FYI investors: Alcoa’s cheque book revs up WA high-purity alumina venture

Barry FitzGerald

Independent Journalist

Meanwhile in Ecuador, anticipation builds around a possible BHP or Newcrest bid for SolGold and Sunstone looks set to rise on back of Bramaderos project.

There is a bunch of hopefuls on the ASX looking to become producers of high purity alumina (HPA), which is set to enjoy super-charged growth in demand for its use in LED lighting and as a heat separator in lithium-ion batteries.

But it is FYI’s planned $198m integrated project in WA – it envisages the Cadoux kaolin mine 220km north-east of Perth supplying a HPA refinery at Kwinana – that has got the interest up of the king of metal-grade and chemical-grade alumina production, Alcoa.

As far as project endorsements go, FYI could not have hoped for a better one.

The pair recently signed a memorandum of understanding to explore the potential for the joint development of FYI’s project, as well as establishing the all-important customer offtake base for the project.
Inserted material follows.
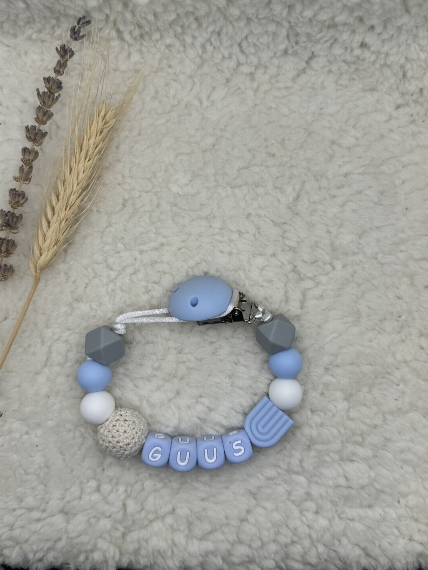 In het kader van de veiligheid zijn de speenkoorden met clip maximaal 30cm lang. Wanneer er een naam op een speenkoord komt, zal ik het aantal kralen aanpassen waardoor het speenkoord niet te lang wordt. Wij maken al onze speenkoorden zelf. Wij werken volgens de Europese Veiligheidsnormen (NEN 12586).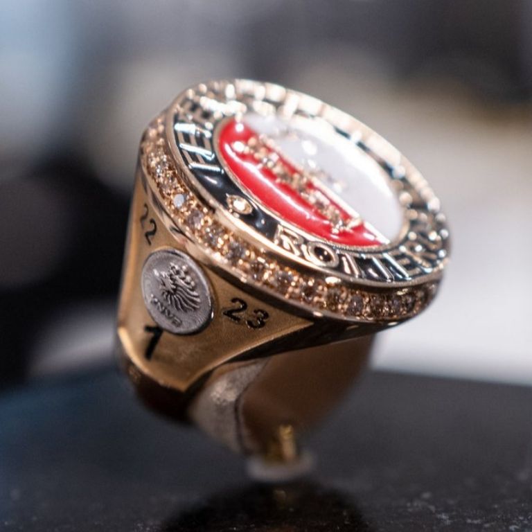 Luego de rechazar una jugosa oferta del Liverpool y al sacarle 10 puntos de ventaja a su más cercano perseguidor, el PSV Eindhoven, Santiago Giménez y el Feyenoord, que confirmó además que se quedará con el delantero mexicano por una o varias temporadas más, amarró así este nuevo campeonato de la Eredivisie, que corona con estos anillos que muestran el logo del club con diamantes incrustados y están personalizados con los nombres y dorsales de todos y cada uno de sus jugadores.

A DFS for the integrated project was released in March ahead of Alcoa’s emergence. It was based on an integrated project producing 8,000tpa of HPA at an assumed average HPA sales price of $US24,000/t.

Life-of-project cash costs were estimated in the DFS at $US6,217/t (FOB Kwinana). Net present value (NPV) was put at $US543 million and the internal rate of return was 46%. Capital payback for the initial 25-year project was 3.6 years.
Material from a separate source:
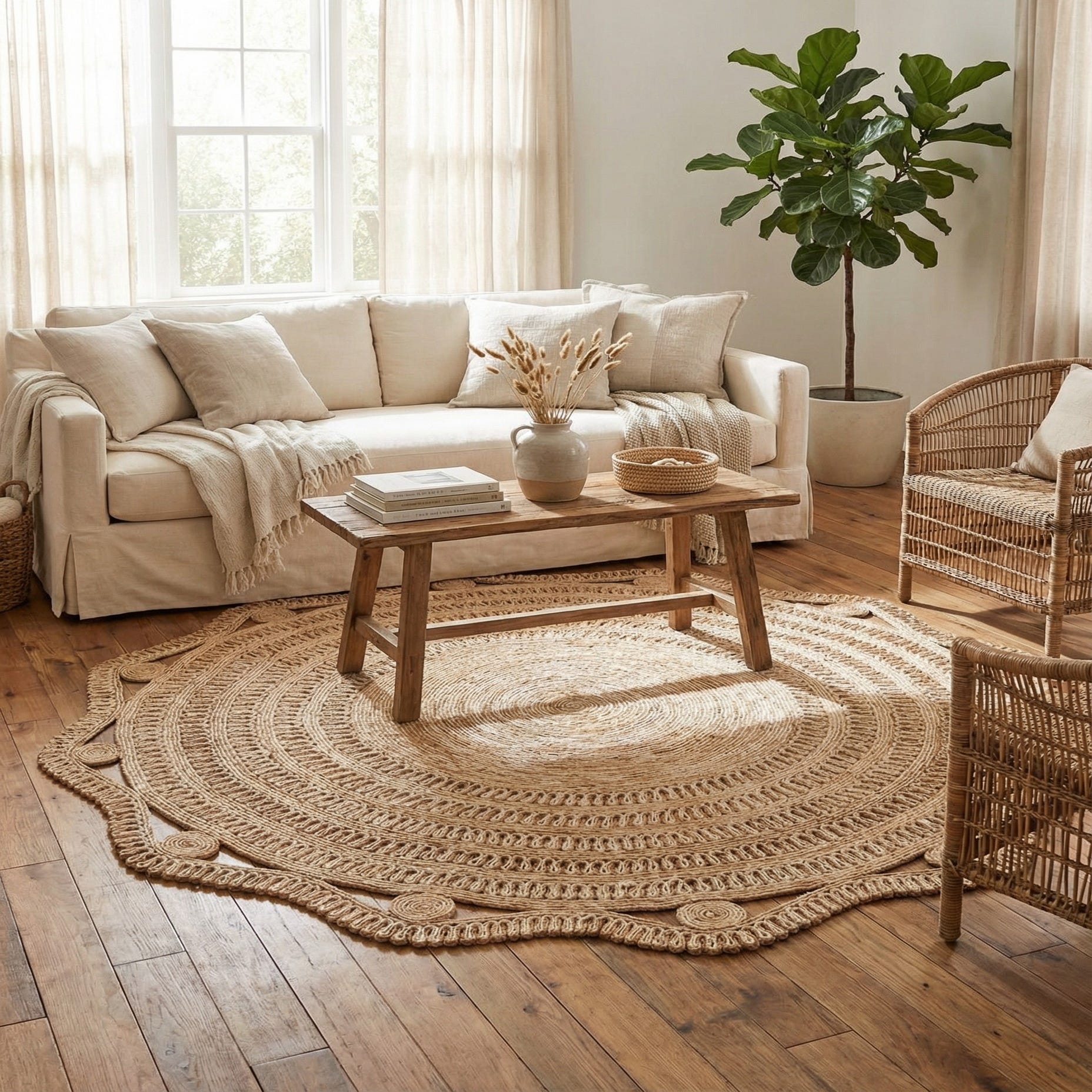 A round, natural jute rug with a textured braided pattern in shades of brown and tan, featuring a scalloped edge.

The project’s annual free cashflow after all operating costs, royalties and corporate taxes was estimated at $US88 million.
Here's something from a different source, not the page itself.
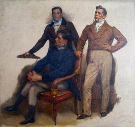 | Keywords: Estudo de figuras humanas para a tela Cortes Constituintes de 1821 (José Ferreira de Moura, Agostinho José Freire, Manuel Borges Carneiro) - Veloso Salgado, 1920.png pt Estudo de figuras humanas para a tela Cortes Constituintes de 1821 de Veloso Salgado As três personagens são José Joaquim Ferreira de Moura o do meio representado de corpo inteiro está sentado numa cadeira de espaldar forrada de tecido vermelho com ornatos dourados nos braços recostado de pernas cruzadas e mãos juntas sobre o joelho esquerdo apresenta-se de frente para o espectador voltado a três quartos para a esquerda olhando na mesma direcção e veste farda de oficial de casaco azul escuro sem galões ou divisas calças claras e botas pretas de cano alto Agostinho José Freire o da esquerda está de pé representado a meio corpo de frente para o espectador representado em posição frontal vestindo casaco castanho e apoiando a mão direita nas costas de uma cadeira de pintura inacabada Manuel Borges Carneiro o homem da direita representado de corpo inteiro de frente para o espectador em posição frontal contraposta apoia a mão direita sobre as costas da cadeira da personagem sentada tem a mão oposta na anca veste fraque castanho dourado calças beges e sapatos rasos pretos Assinado e datado no canto inferior esquerdo V Salgado 1920 en Study of human figures for the painting The Constituent Courts of 1821 by Veloso Salgado The three characters are José Joaquim Ferreira de Moura the man in the middle depicted at full length sitting on a char with red upholstery sitting back with crossed legs and hands together over his left knee turned three-quarters to the left and looking in the same direction and wearing an officer's uniform with a dark blue coat with no decorations light trousers and black boots Agostinho José Freire the man on the left standing depicted at half-length and facing the viewer wearing a brown coat and with his right hand on the back of an unfinished chair and Manuel Borges Carneiro the man to the right depicted at full length facing the viewer with his right hand on the back of José Ferreira de Moura's chair and the other hand on his hip with a golden-brown coat beige trousers and black shoes Signed and dated on the lower left corner V Salgado 1920 1920 http //museu parlamento pt/MatrizWebAR/Objectos/ObjectosConsultar aspx IdReg 515 EntSep 5 MatrizPix - Museu da Assembleia da República Creator Veloso Salgado other versions Estudo de figuras humanas para a tela Cortes Constituintes de 1821 Agostinho José Freire - Veloso Salgado 1920 png Estudo de figuras humanas para a tela Cortes Constituintes de 1821 Manuel Borges Carneiro corpo inteiro - Veloso Salgado 1920 png Estudo de figuras humanas para a tela Cortes Constituintes de 1821 José Ferreira de Moura - Veloso Salgado 1920 png Custom license marker 2016 10 30 PD-old-70 José Joaquim Ferreira de Moura Agostinho José Freire Manuel Borges Carneiro Studies for As Cortes Constituintes de 1821 Veloso Salgado |

The DFS had the benefit of information from FYI’s pilot HPA plant at the Perth suburb of Welshpool.

It is assumed FYI and Alcoa will look to formalise a joint venture by the end of year. Should it come to pass, having Alcoa at the table is obviously going to help in financing what will be a new and value-adding industry for Australia.

Before the emergence of Alcoa on September 8, there was not much interest in the DFS figures, with the capital needs of the project considered a bridge too far for a company of FYI’s size. That has changed, with FYI’s shares moving up from 9.2c at the start of the month to 16c for a market cap of $40m.

Funny thing is that it is easy to find other HPA hopefuls with bigger market caps. But none of them have Alcoa ponying up as a potential partner. Talk about a de-risking event.

SolGold/BHP/NCM

Things are heating up around future ownership of the Cascabel project in Ecuador, the monster gold-copper deposit currently owned by the Brisbane-based and London-listed SolGold (85%) and Canada’s Cornerstone Capital (15% direct, 21.4% including its SolGold stake).

The Alpala deposit on the Cascabel concessions is rated as a Tier 1 deposit, with our own BHP and/or Newcrest positioned to take control by bidding bid for SolGold if they so decide, using their respective 13.6% stakes in SolGold as a starting point.

A standstill agreement prevents BHP from moving on SolGold until October 19 and ahead of that, SolGold has made a scrip-only takeover bid for Cornerstone – a project generation group that drilled the discovery hole in 2014.

Cornerstone has rejected the SolGold bid in no uncertain terms and at the same time has done a bit of a Mad Max by telling BHP that if it does want to move on SolGold, it should “talk to me” about its 21.4% stake.

In an interview with Kitco, Cornerstone CEO Brooke Macdonald pulled no punches, remembering Cornerstone, like BHP and Newcrest, is not happy SolGold sold off a 1% net smelter royalty on the project to Franco-Nevada for $US100m to keep its independence going.

“After October 19, BHP will be free to talk to Cornerstone about our 21.4 interest and join us in our efforts to change the SolGold board to create a board that will act in the best interests of all shareholders and stop breaching their agreements with Cornerstone,” Macdonald said.

That’s all interesting stuff. But it was Macdonald’s comments around SolGold’s “dead in the water” scrip takeover bid for Cornerstone that made for interesting reading for those prepared to look beyond the ASX.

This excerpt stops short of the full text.